▶ Assignment: With the pictures omitted, repeat exactly the lines below starting with the line that has "(a) The temperature-dependent" and going on through the line that has "Farba: zlatá nádoba, biele a krémové kvety".

▶ Input data:
************

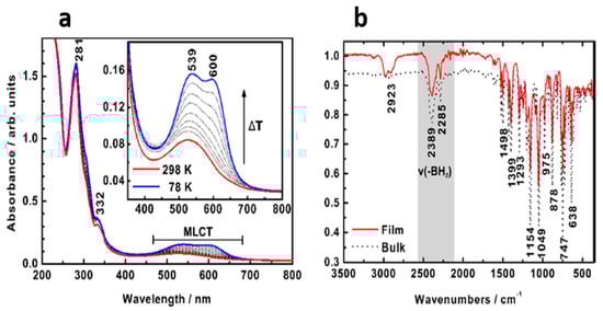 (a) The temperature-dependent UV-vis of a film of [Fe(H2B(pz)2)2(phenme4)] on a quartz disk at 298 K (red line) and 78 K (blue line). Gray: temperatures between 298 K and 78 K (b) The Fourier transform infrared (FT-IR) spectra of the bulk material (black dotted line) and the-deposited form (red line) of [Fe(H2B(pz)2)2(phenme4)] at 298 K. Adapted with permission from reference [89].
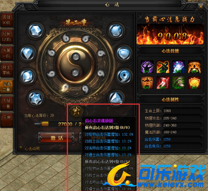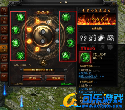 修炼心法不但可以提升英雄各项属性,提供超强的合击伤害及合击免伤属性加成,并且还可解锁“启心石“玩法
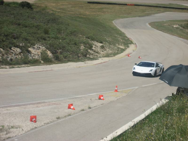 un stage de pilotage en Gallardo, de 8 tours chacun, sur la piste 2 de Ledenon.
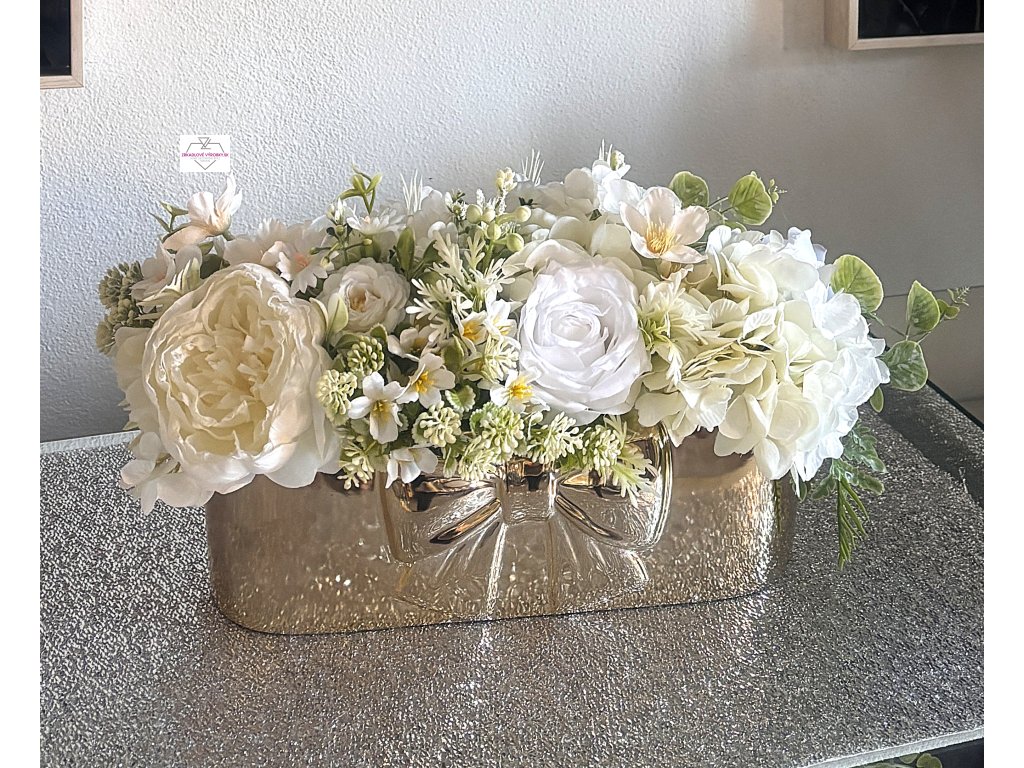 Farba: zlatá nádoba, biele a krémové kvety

************

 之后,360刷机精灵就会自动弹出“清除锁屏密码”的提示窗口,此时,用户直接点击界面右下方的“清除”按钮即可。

************

▶ Problem solution:
 (a) The temperature-dependent UV-vis of a film of [Fe(H2B(pz)2)2(phenme4)] on a quartz disk at 298 K (red line) and 78 K (blue line). Gray: temperatures between 298 K and 78 K (b) The Fourier transform infrared (FT-IR) spectra of the bulk material (black dotted line) and the-deposited form (red line) of [Fe(H2B(pz)2)2(phenme4)] at 298 K. Adapted with permission from reference [89].
 修炼心法不但可以提升英雄各项属性,提供超强的合击伤害及合击免伤属性加成,并且还可解锁“启心石“玩法
 un stage de pilotage en Gallardo, de 8 tours chacun, sur la piste 2 de Ledenon.
 Farba: zlatá nádoba, biele a krémové kvety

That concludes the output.